▶ **Data in this exercise**:
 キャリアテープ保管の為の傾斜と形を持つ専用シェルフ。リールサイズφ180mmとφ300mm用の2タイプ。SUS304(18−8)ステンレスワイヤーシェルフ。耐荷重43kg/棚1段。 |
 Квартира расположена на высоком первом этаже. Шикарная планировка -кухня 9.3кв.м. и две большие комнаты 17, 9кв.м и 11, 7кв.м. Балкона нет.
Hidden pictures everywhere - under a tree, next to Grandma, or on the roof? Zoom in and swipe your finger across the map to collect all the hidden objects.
...
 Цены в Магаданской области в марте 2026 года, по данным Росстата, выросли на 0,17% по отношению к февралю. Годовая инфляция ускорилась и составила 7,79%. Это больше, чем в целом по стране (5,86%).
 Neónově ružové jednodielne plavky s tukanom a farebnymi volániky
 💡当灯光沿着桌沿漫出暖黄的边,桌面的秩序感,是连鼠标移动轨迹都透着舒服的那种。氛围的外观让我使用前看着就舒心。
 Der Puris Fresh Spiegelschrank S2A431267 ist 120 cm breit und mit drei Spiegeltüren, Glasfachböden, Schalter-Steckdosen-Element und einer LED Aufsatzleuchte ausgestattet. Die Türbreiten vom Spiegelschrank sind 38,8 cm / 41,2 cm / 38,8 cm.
---
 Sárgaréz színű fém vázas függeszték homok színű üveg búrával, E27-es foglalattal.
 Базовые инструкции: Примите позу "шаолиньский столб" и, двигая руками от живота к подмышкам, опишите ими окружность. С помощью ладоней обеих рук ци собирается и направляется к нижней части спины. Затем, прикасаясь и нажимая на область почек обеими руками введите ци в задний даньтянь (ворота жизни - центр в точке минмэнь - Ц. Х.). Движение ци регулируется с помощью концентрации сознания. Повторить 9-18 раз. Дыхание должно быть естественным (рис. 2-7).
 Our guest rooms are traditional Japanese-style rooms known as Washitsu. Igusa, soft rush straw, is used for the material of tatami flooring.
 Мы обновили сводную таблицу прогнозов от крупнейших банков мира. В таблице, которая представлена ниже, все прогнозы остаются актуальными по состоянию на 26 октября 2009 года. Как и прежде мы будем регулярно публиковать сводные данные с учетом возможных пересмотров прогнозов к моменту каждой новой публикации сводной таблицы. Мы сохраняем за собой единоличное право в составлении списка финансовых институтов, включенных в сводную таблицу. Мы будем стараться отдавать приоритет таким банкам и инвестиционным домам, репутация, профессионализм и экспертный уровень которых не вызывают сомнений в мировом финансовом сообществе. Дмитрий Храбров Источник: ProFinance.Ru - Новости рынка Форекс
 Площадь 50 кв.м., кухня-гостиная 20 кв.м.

▶ **Task instructions**:
Reproduce verbatim only the segment of the listing bounded by the line containing "Neónově ružové jednodielne" and the line containing "Der Puris Fresh", with both boundary lines included.

▶ **Answer section**:
 Neónově ružové jednodielne plavky s tukanom a farebnymi volániky
 💡当灯光沿着桌沿漫出暖黄的边,桌面的秩序感,是连鼠标移动轨迹都透着舒服的那种。氛围的外观让我使用前看着就舒心。
 Der Puris Fresh Spiegelschrank S2A431267 ist 120 cm breit und mit drei Spiegeltüren, Glasfachböden, Schalter-Steckdosen-Element und einer LED Aufsatzleuchte ausgestattet. Die Türbreiten vom Spiegelschrank sind 38,8 cm / 41,2 cm / 38,8 cm.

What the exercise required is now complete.